Individuals from each sampled population were measured separately. Nuclear suspensions were
prepared following the method described by Galbraith et al. (1983) in which the leaf tissue of
each individual was chopped together with leaf tissue from an internal standard using a sharp
razor blade in a Petri dish containing a buffer solution, namely Woody Plant Buffer
(WPB; Loureiro et al., 2007).
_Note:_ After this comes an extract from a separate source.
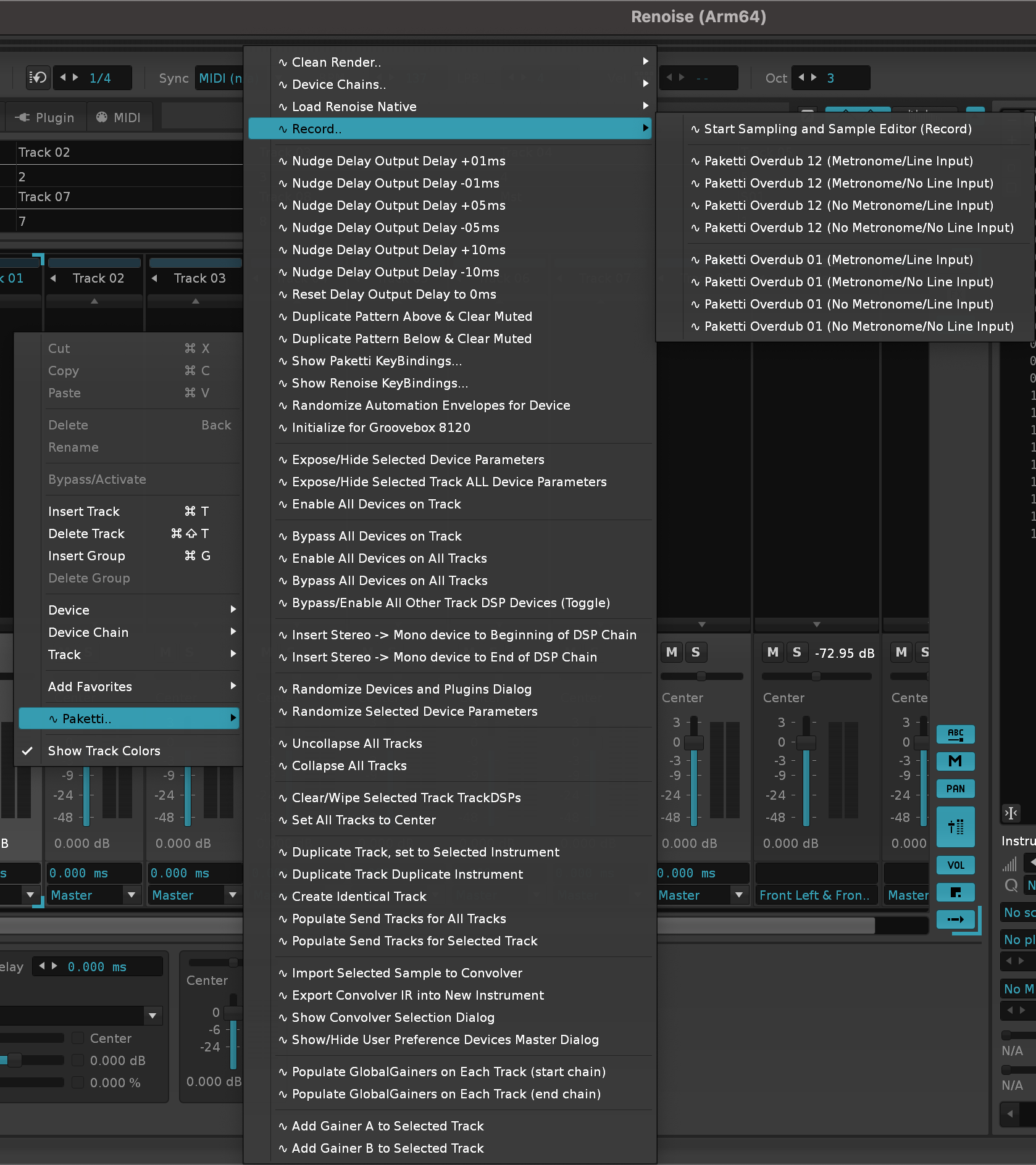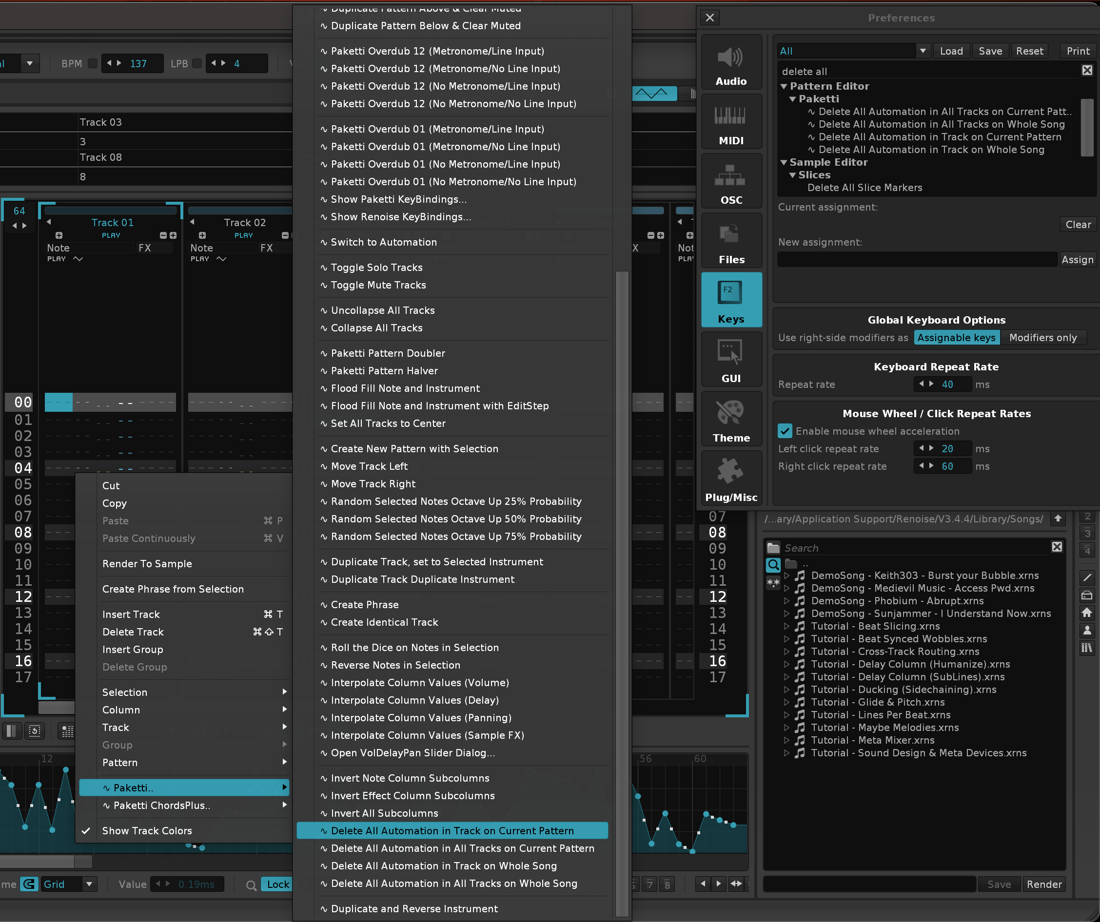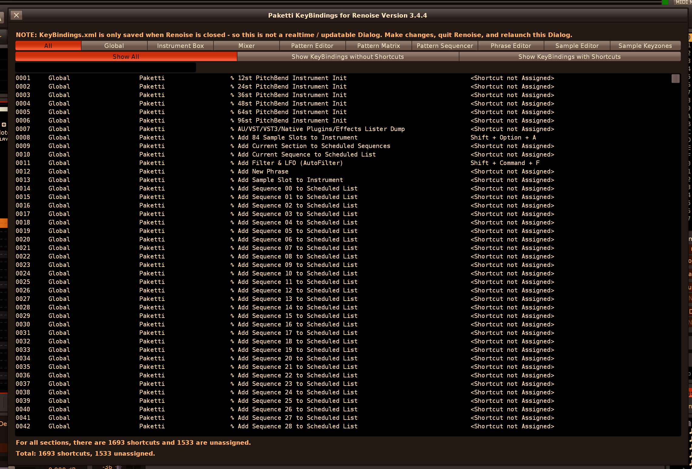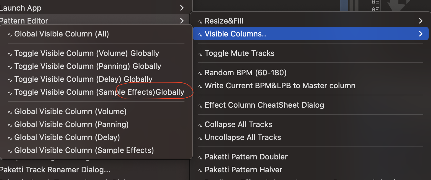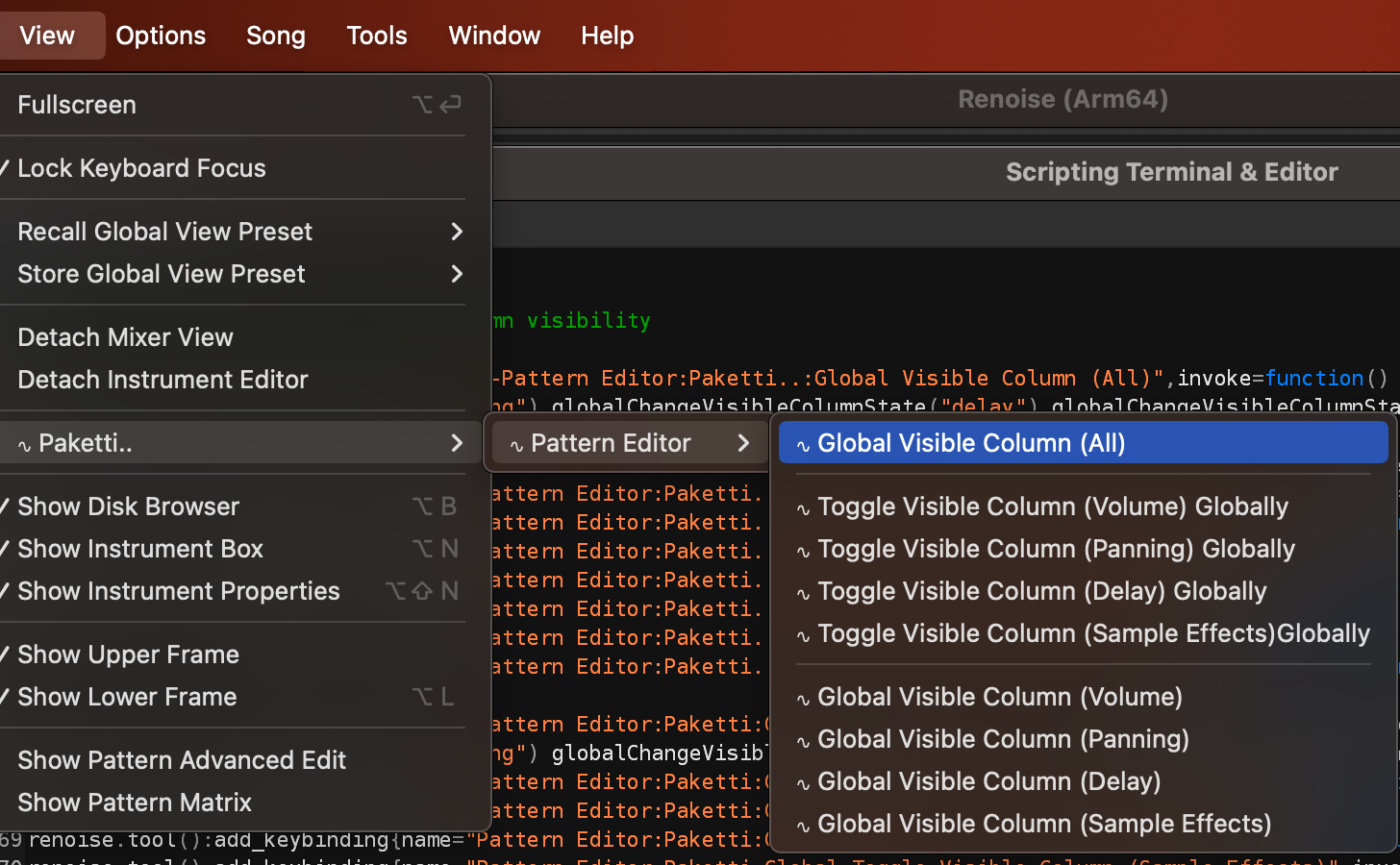 Global:Paketti:Toggle Metronome PrecountPaketti:Toggle Metronome PrecountGlobal:Paketti:Enable Metronome PrecountGlobal:Paketti:Disable Metronome PrecountPaketti:Enable Metronome PrecountPaketti:Disable Metronome PrecountGlobal:Paketti:Toggle Mute/Unmute All TracksPaketti:Toggle Mute/Unmute All TracksGlobal:Paketti:Toggle Mute/Unmute Remembered TracksPaketti:Toggle Mute/Unmute Remembered TracksGlobal:Paketti:Set EditStep & Quantization to 00 through ...to 32Global:Paketti:Increase EditStep & Quantization by 1Global:Paketti:Decrease EditStep & Quantization by 1Global:Paketti:EditStep & Quantization Power of Two AboveGlobal:Paketti:EditStep & Quantization Power of Two BelowPaketti:Set EditStep & Quantization to 00 through ...to 32Paketti:Increase EditStep & Quantization by 1Paketti:Decrease EditStep & Quantization by 1Paketti:EditStep & Quantization Power of Two AbovePaketti:EditStep & Quantization Power of Two BelowPattern Editor:Paketti:Jump to Pattern Fraction 01/02 through 16/16Paketti:Jump to Pattern Fraction 01/02 through 16/16Pattern Editor:Paketti:Save Cursor PositionPattern Editor:Paketti:Jump to Previous PositionGlobal:Paketti:Jump to Previous PositionPaketti:Save Cursor PositionPaketti:Jump to Previous PositionGlobal:Paketti:Move Section Loop (Next)Global:Paketti:Move Section Loop (Previous)Paketti:Move Section Loop (Next)Paketti:Move Section Loop (Previous)Pattern Editor:Paketti:Note Off All Columns in GroupPaketti:Note Off All Columns in GroupPattern Editor:Paketti:Mute Playing Note (Insert Note Off)Paketti:Mute Playing Note (Insert Note Off)Global:Paketti:Clone Sequence Without AutomationPattern Sequencer:Paketti:Clone Sequence Without AutomationPattern Matrix:Paketti:Clone Sequence Without AutomationPaketti:Clone Sequence Without AutomationGlobal:Paketti:Wipe Drumkit Sample FX AssignmentsPaketti:Wipe Drumkit Sample FX AssignmentsPattern Editor:Paketti:Invert Volume OnlyPattern Editor:Paketti:Invert Panning OnlyPattern Editor:Paketti:Invert Delay OnlyPattern Editor:Paketti:Invert Sample FX OnlyPaketti:Invert Volume OnlyPaketti:Invert Panning OnlyPaketti:Invert Delay OnlyPaketti:Invert Sample FX OnlyPattern Editor:Paketti:BPM Switcher Dialog...Paketti:BPM Switcher DialogPattern Editor:Paketti:Write Track Mute (0L00)Pattern Editor:Paketti:Write Track Unmute (0L80)Pattern Editor:Paketti:Write Track Solo via 0L00 (Mute All Others)Pattern Editor:Paketti:Write Track Unsolo via 0L80 (Unmute All)Paketti:Write Track Mute (0L00)Paketti:Write Track Unmute (0L80)Paketti:Write Track Solo via 0L00Paketti:Write Track Unsolo via 0L80Global:Paketti:Step Sequencer FX Randomizer Dialog...Paketti:Pattern Editor:Step Sequencer FX RandomizerMain Menu:Tools:Paketti:Pattern Editor:Step Sequencer FX Randomizer...Pattern Editor:Paketti:Step Sequencer FX Randomizer...Pattern Editor:Paketti:Interpolate Current Subcolumn ValuesPattern Editor:Paketti:Interpolate Column Values (Effect Column)Paketti:Interpolate Current Subcolumn ValuesPaketti:Interpolate Column Values (Effect Column)Pattern Editor:Paketti:Fill Effect Column Between NotesPattern Editor:Paketti:Fill Sample Effects Between NotesPaketti:Fill Effect Column Between NotesPaketti:Fill Sample Effects Between NotesPattern Editor:Paketti:Play Next Note LinePattern Editor:Paketti:Play Previous Note LinePaketti:Play Next Note LinePaketti:Play Previous Note LinePattern Editor:Paketti:Clever Note Off Wipe & Replace (Right After)Pattern Editor:Paketti:Clever Note Off Wipe & Replace (Right Before)Pattern Editor:Paketti:Clever Note Off Wipe & Replace (Half Before)Paketti:Clever Note Off Wipe & Replace (Right After)Paketti:Clever Note Off Wipe & Replace (Right Before)Paketti:Clever Note Off Wipe & Replace (Half Before)Pattern Editor:Paketti:Clever Note Off Delay +1Pattern Editor:Paketti:Clever Note Off Delay -1Pattern Editor:Paketti:Clever Note Off Delay +10Pattern Editor:Paketti:Clever Note Off Delay -10Paketti:Clever Note Off Delay +1Paketti:Clever Note Off Delay -1Paketti:Clever Note Off Delay +10Paketti:Clever Note Off Delay -10Pattern Editor:Paketti:Clever Note Off Reset DelayPaketti:Clever Note Off Reset DelayPattern Editor:Paketti:OctaMED Note Echo Dialog...Paketti:OctaMED Note Echo DialogPakettiSetEditStepAndQuantization() forcing quantize enabled when changing values. Now saves and restores the record_quantize_enabled state so changing EditStep/Quantization values no longer toggles quantize on/off. Status bar shows enabled state: EditStep: 8, Quantize: 8 (On) or (Off).Global:Paketti:Increase EditStep & Quantization by 1, Global:Paketti:Decrease EditStep & Quantization by 1, Global:Paketti:EditStep & Quantization Power of Two Above/Below, Global:Paketti:Set EditStep & Quantization to 00 through 32nudge_with_delay() now sets delay_column_visible = true for ALL tracks in the selection, not just the currently selected track.Pattern Editor:Paketti:Nudge with Delay (Down), Pattern Editor:Paketti:Nudge with Delay (Up)Pattern Editor:Paketti:Interpolate Column Values Exponential (Volume), Pattern Editor:Paketti:Interpolate Column Values Exponential (Panning), Pattern Editor:Paketti:Interpolate Column Values Exponential (Delay), Pattern Editor:Paketti:Interpolate Column Values Exponential (Sample FX), Pattern Editor:Paketti:Interpolate Column Values Exponential (Effect Column), Pattern Editor:Paketti:Interpolate Current Subcolumn Values ExponentialPaketti:Interpolate Column Values Exponential (...)Pattern Editor:Paketti:Jump to Pattern Position Dialog...Paketti:Jump to Pattern Position DialogGlobal:Paketti:Clone and Expand Pattern to LPB*2 (existing, now handles large patterns)visible_note_columns to match (minimum 1). Cleans up tracks with excess empty columns.Global:Paketti:Remove Unused Note ColumnsPaketti:Remove Unused Note ColumnsMain Menu:Tools:Paketti:Pattern Editor:Remove Unused Note ColumnsGlobal:Paketti:Remove Unused Effect ColumnsPaketti:Remove Unused Effect ColumnsMain Menu:Tools:Paketti:Pattern Editor:Remove Unused Effect ColumnsGlobal:Paketti:Re

Solanum pseudocapsicum L. (2C = 2.589 pg; Temsch et al.,
2010), Zea mays L. ‘CE-777’ (2C = 5.43 pg; Lysak and Dolezel, 1998), Pisum sativum L.
‘Ctirad’ (2C = 9.09 pg; Doležel et al., 1998) and Pisum sativum L. ‘Kleine Rheinländerin’ (2C =
8.84 pg; Greilhuber and Ebert, 1994) were used as internal standards depending on the C-value
and standard availability. The suspension of isolated nuclei was filtered through a 48 µm nylon
mesh, incubated with RNase to degrade double stranded RNA and stained with a saturating
7
solution of propidium iodide following Loureiro et al. (2007) and Rojas-Andrés et al.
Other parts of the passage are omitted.